Daniel starts to freak out. But he finally gets to his stop, he leaps up, and slides past this seat demon, then hurries down the block without looking back, convinced that this punk is going to chase him down. Daniel clears a corner, stops, catches his breath, and waits. Was all that just in his mind? Or is Daniel actually in danger?
In the comments section of the Short Story Showdown, ChinaSplash posted their logline which began a discussion about why I didn’t choose their story for the showdown. It came down to that the logline promised a big sci-fi concept, which was what hooked me, yet the story started with a woman who really wanted to eat a donut. My feeling was, “What’s the point of including that? It’s a short story. You don’t have time to waste. Start deeper in when the story is already moving.”
I feel the exact same way about this story.
If you read this logline, you assume you’re getting a story about a guy who deals with a scary, potentially dangerous, individual who sits next to him on a bus.
But that’s not what we get.
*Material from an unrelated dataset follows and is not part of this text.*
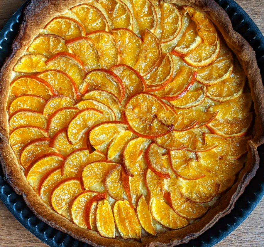 Ingrédients pour 6 personnes : 1 pâte sablée – 6 clémentines bio – 25 g de beurre – 1 cuillère à soupe de cassonade.
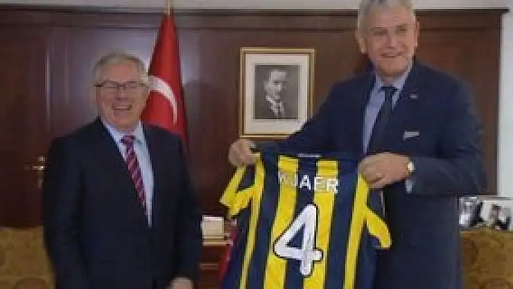 Danimarka Büyükelçisi Madsen, Avrupa Birliği (AB) Bakanı Volkan Bozkır'a Fenerbahçe'de forma giyen Danimarkalı futbolcu Kjaer'in imzalı formasını hediye etti.

Our malcontent bus villain doesn’t sit down next to our hero until halfway through the story.
To me, that’s unforgivable. I was even getting antsy that we weren’t in the bus conflict by the end of the first page. Yet I had to read three more pages to get there.
But let’s look at this from Jason’s point of view. I’m guessing he wanted to do some character development first. He wanted to get you in Daniel’s head so we could learn what makes him tick. Because what good is an antagonist if we don’t understand the person he’s antagonizing?
That’s a fair argument.
However, there are ways you can achieve this that are a lot more likely to keep the reader’s interest. For example, when we’re waiting at that first stop with Daniel, introduce the scary rider then. He’s standing over by the side but you can just tell there’s something off about him.
Now, when we go into Daniel’s head and learn about his day and what makes him tick, we’re doing so underneath a line of suspense. Because we see the antagonist. We know the situation with him is only going to get worse. So we’re more compelled to turn the pages, even though “nothing” is happening yet.
The Empty Seat was struggling in another area as well, which was that Daniel wasn’t a very likable guy.
When I originally heard this pitch in the comments section, I endorsed it! I said, “This sounds good.” But the way it was pitched, I was imagining a weak, potentially cowardly guy, who was being unjustly bullied. In other words, an easy person to root for.
But that’s not Daniel. Daniel is King Complainer. Give this guy a topic and he can give ten hours on things he dislikes about it. He’s complaining about his boss, his co-workers, the women there, the transportation, his bills, the other riders.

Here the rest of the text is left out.